One thing that bit me was the fact that tables aren’t equal just because there keys and values are equal. So I had to define a equality metatable (eqmt) and use it wherever I was representing an X,Y coordinate. I took a long time on this, as it slowed down tracking which I’ve seen last, as well as caching my wall calculations.

```
eqmt = {__eq = function (k1, k2) return k1[1] == k2[1] and k1[2] == k2[2] end }
```

For each position I evaluate, I need to figure out what the next open spaces are.

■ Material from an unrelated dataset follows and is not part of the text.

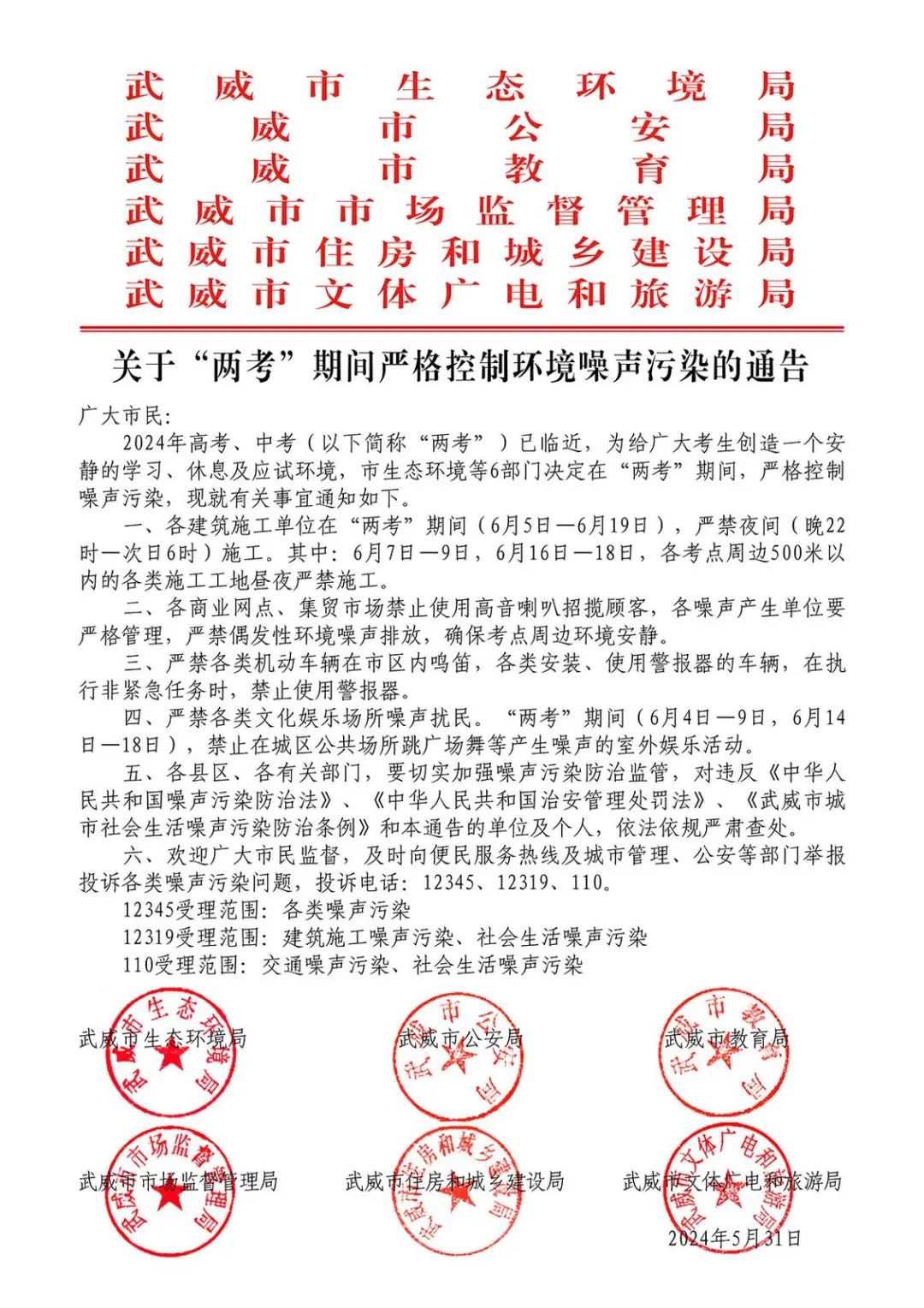 2024年高考、中考(以下简称“两考”)已临近,为给广大考生创造一个安静的学习、休息及应试环境,市生态环境等6部门决定在“两考”期间,严格控制噪声污染,现就有关事宜通知如下。

I look in the four cardinal directions (making sure that all my tables can be checked for equality) and then run over a custom filter function to make sure its not a wall and it hasn’t been seen already.

```
function get_open_spaces(x,y,steps)
local options = { {x+1, y, steps+1}, {x-1, y, steps+1}, {x, y+1, steps+1}, {x, y-1, steps+1}}
setmetatable(options[1], eqmt)
setmetatable(options[2], eqmt)
setmetatable(options[3], eqmt)
setmetatable(options[4], eqmt)
return filter(options, (function(v) return not grid[v] and not is_seen(v); end))
end
```

For the main loop, I run my heuristic to find my best option, figure out my next moves from there, and add it to the option list.

```
function get_best_option(options)
best = {1,1, 100000000}
for k,v in pairs(options) do
if v[3] + get_manhattan_distance(v[1], v[2]) < best[3] + get_manhattan_distance(best[1], best[2]) then
best = v
end
end
return best
end
function main()
options = {{1,1, 0}}
setmetatable(options[1], eqmt)
while true do
position = get_best_option(options)
if(not is_seen(position)) then
seen[position] = true
end
for k,v in pairs(options) do
if options[k] == position then
options[k] = nil
break
end
end
spaces = get_open_spaces(position[1], position[2], position[3])
for _,space in pairs(spaces) do
if(space == target) then
return space[3]
end
table.insert(options, space)
end
end
end
```

This ran blazing fast, and it made me think that if I were to get equality on tables right the first time around, a Breadth First Search might have been sufficient.

## Part 2

The next part of the code required that I find all unique coordinates within 50 steps. Here a breadth first search was easy, and I just kept a count of positions I had not seen before

```
count = 0
function main()
options = {{1,1, 0}}
setmetatable(options[1], eqmt)
stopLooping = false
while not stopLooping do
position = options[1]
if(not is_seen(position)) then
count = count+1
seen[position] = true
end
table.remove(options, 1)
if(position[3] <= 49) then
spaces = get_open_spaces(position[1], position[2], position[3])
for _,space in pairs(spaces) do
if(space == target) then
return space[3]
end
table.insert(options, space)
end
end
stopLooping = (#options == 0)
end
end
```

## Wrap-up

It took me a little longer than it should have, as the aforementioned Lua table equality metamethod was missing for a while, which slowed me down. But once I figured that out, I was done with both part 1 and part 2 in an hour.

My final grade for this is a solid B. I got to use metatables and metamethods, and I always love writing an A* search, but I still had hindrances along the way.

For Day 14, looks like I’m back to calculating MD5 hashes, and I’m going to try out Go.